The Executive Secretary of PPPRA, Ahmed Farouk explained in a statement
that with the N87/litre amount announced, the government still
subsidises the pump price of petrol in favour of consumers by
N2.50/litre.
Ahmed also clarified that the price of crude oil dropped to a point
where the open market price of petrol also fell to a level where the
government considered it appropriate to relieve some of the burden
imposed on Nigerians by the knock-on effect of the dwindling price of
crude oil on the economy.
He stated that the price of crude oil averaged $62 in December, 2014
and dropped to an average of $50 per barrel in the first half of
January, 2015 and that: “It was after a consistent and diligent
monitoring of the trend, since the beginning of the current drop in
crude oil price that government was able to confirm its ability to
reduce the pump price of gasoline, commensurate with the amount
announced.”
“Even at the lowest crude oil price of $47.23 recorded on January 16,
2015, the open market price of petrol was about the same as the
erstwhile price of N97/litre.
What this means is that at the new price of N87 per liter, government is still subsidising the pump price of petrol,” Ahmed added.
What this means is that at the new price of N87 per liter, government is still subsidising the pump price of petrol,” Ahmed added.

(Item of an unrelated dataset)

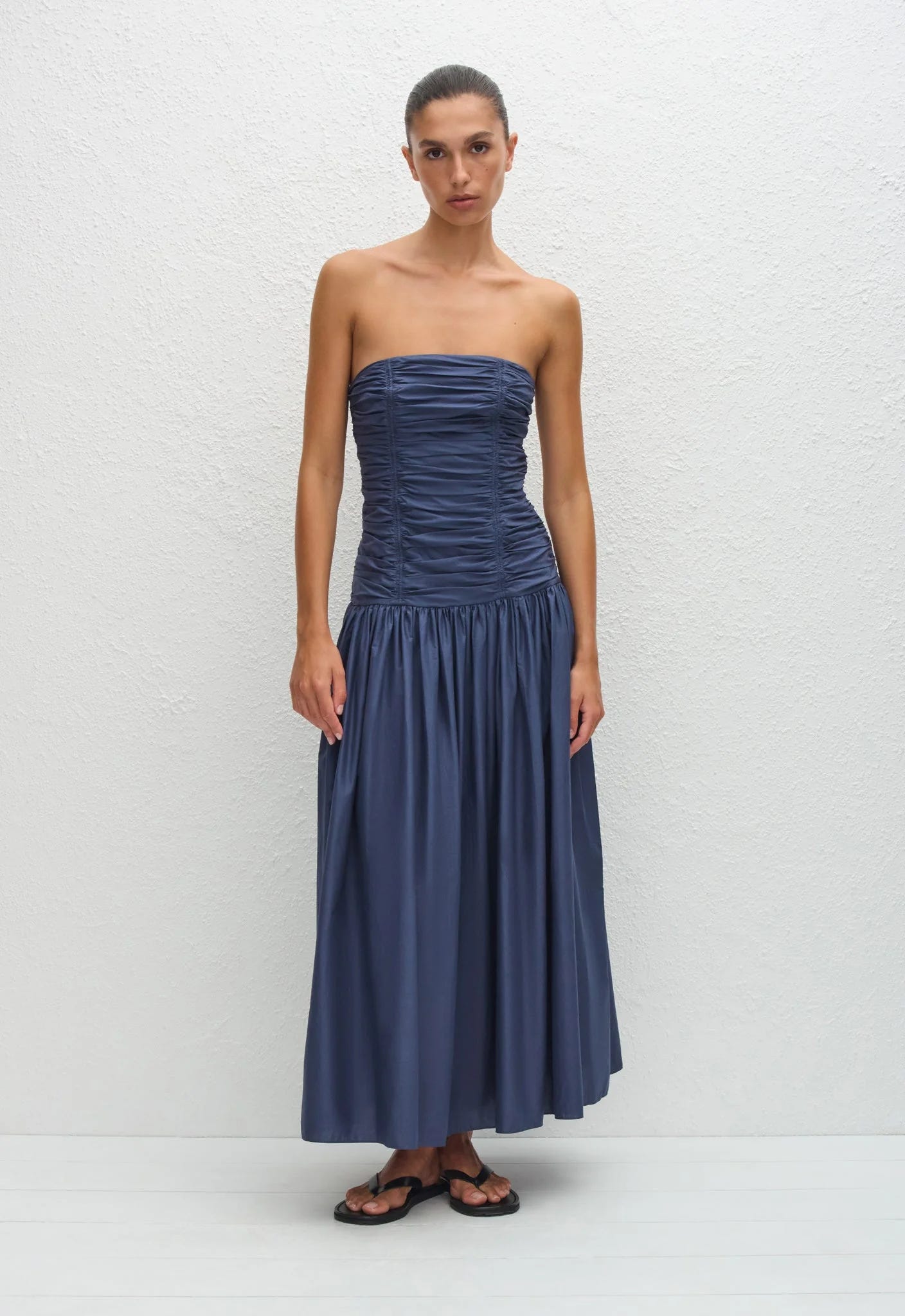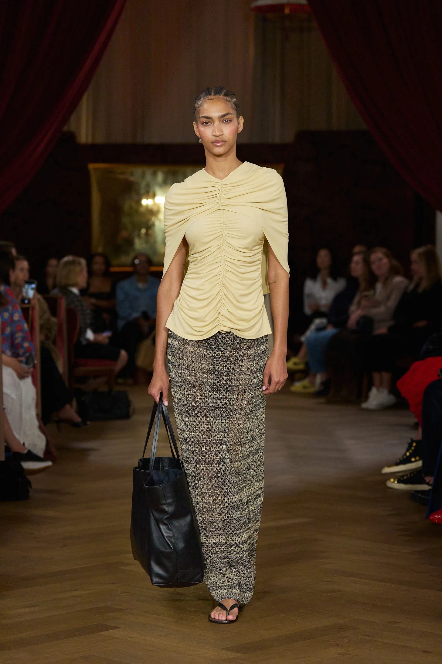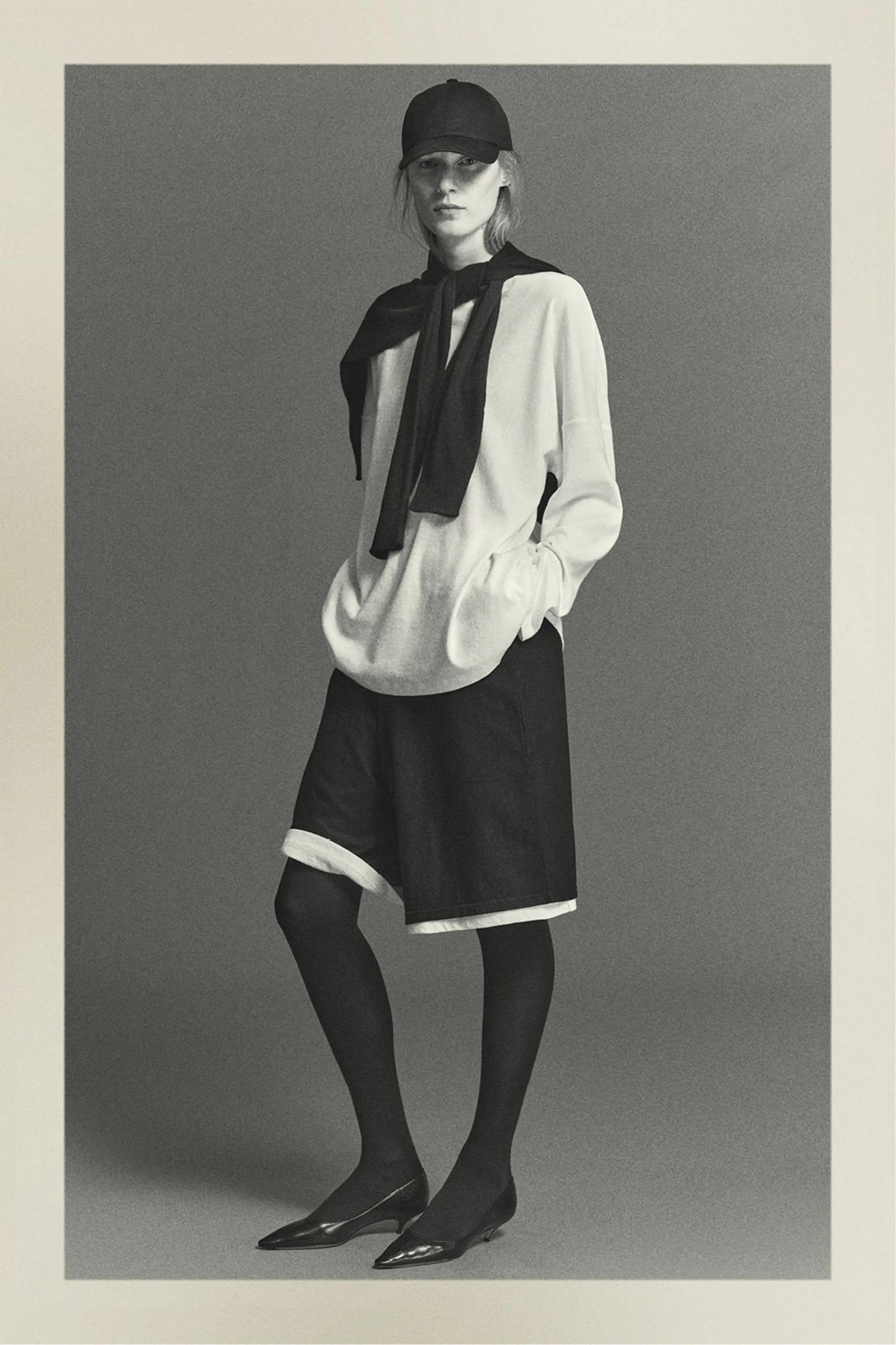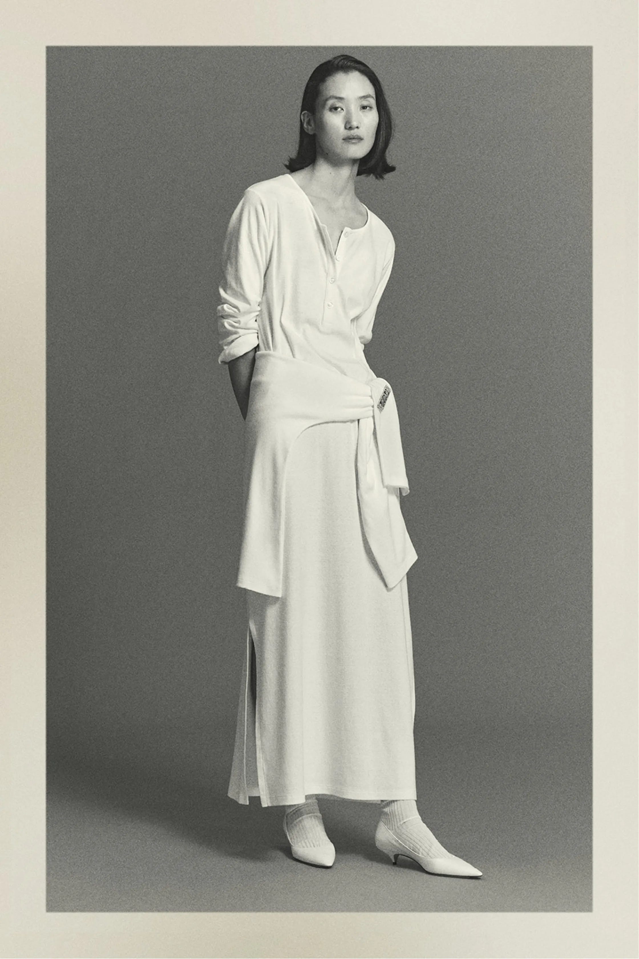 Over on Net-A-Porter, The Row’s spring has landed. From the lookbook released for this collection in June of last year, the simplest yet most striking piece was a pair of white, long-john-like underpinnings peeking through the hems of tailored shorts and trenches. To emulate this look, you could invest in the precise Larissa cotton jersey shorts or Kalyan pleated wool shorts and layer them over a more affordable pair of white Bermuda shorts. These from Filippa K or these on sale from Posse seem perfect for it. If these simple monochromatic looks are so visually pleasing, it might have to do with a simple styling principle. I have included a recent video I posted explaining this at the bottom of this email. Look 9 celebrated simplicity with the perfectly hanging Latoya white dress and Floris cotton jersey tee tied around the waist. If this diaphanous look draws you in, but the price tag doesn’t, this new gathered cotton dress from Staud has a very similar chic vibe.

He said on the argument that pump price should have dropped in ratio
with the about 50 per cent reduction in price of crude oil that crude
oil price was only one of the several components in deriving the pump
price of petrol.
“Therefore, there is no linear relationship between the price of crude
oil and the pump price of petrol. In addition, when the price of crude
oil reached its peak of $114.26 per barrel on 18 June, 2014, the open
market price of petrol was N157, but government still maintained the
regulated price of N97 per litre and subsidised the difference of N59.51
per litre,” he said.
Ahmed further noted that in determining the amount of reduction on the
pump price of petrol, government was mindful of the impact that an
upward swing in the price of crude oil would mean in the amount of
subsidy exposure.
Meanwhile, the Organisation of Petroleum Exporting Countries (OPEC) has
defended its decision not to interfere with the sliding price of crude
oil in the global market with its November decision to maintain
production output of 30 million barrels per day (mbpd).

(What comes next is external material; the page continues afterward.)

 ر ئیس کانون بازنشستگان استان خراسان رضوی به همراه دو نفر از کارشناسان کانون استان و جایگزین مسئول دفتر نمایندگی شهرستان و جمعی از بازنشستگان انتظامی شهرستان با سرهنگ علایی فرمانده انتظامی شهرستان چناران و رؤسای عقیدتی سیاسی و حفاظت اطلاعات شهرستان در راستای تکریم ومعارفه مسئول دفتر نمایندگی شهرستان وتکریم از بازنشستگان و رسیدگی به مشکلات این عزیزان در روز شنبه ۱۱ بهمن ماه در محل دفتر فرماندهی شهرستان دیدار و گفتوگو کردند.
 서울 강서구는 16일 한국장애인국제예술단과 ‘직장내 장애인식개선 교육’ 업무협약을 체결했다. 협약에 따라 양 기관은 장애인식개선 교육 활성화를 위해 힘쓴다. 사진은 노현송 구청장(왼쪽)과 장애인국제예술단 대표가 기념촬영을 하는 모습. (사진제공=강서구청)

Rising supplies and tepid global demand has led to drop in oil price
since June 2014 and the slide in prices accelerated in November after
OPEC stunned the market by deciding to maintain production at 30mbpd
rather than cutting output to stem the falls.
Reuters reported that OPEC Secretary General, Abdalla El-Badri told a
panel at the World Economic Forum (WEF) in Davos, Switzerland that
cutting output to stabilise prices was not a viable strategy for the oil
cartel, which has sought to retain market share in the face of surging
non-OPEC supply.
“If we had cut in November, we would have to cut again in March and
June and again,” El-Badri was quoted to have said, adding that,
“Non-OPEC would keep on producing and replace us.”
El-Badri also explained that the move to protect OPEC’s market share was not directed to any one country.
“It was a pure economic decision. I don’t understand, everyone is
crying (and saying this was a) decision against the US, (it is a) war
between Saudi and US. It is all nonsense. It is the logic,” he added.
The energy panel at the WEF also featured the Chief Executive of Saudi
Aramco, Khalid Al-Falih, who said the oil market would eventually
balance itself but it would take time for the supply glut to unwind.
Al-Falih was also quoted by Reuters to have said that years of elevated
oil prices, propped up by geopolitics, had driven unconventional supply
and complex projects around the world but that the bubble of fear burst
in 2014 and expectations of elevated prices in the future had been
shaken as a result.
“People will be more careful before committing large sums to the oil and gas industry,” he predicted.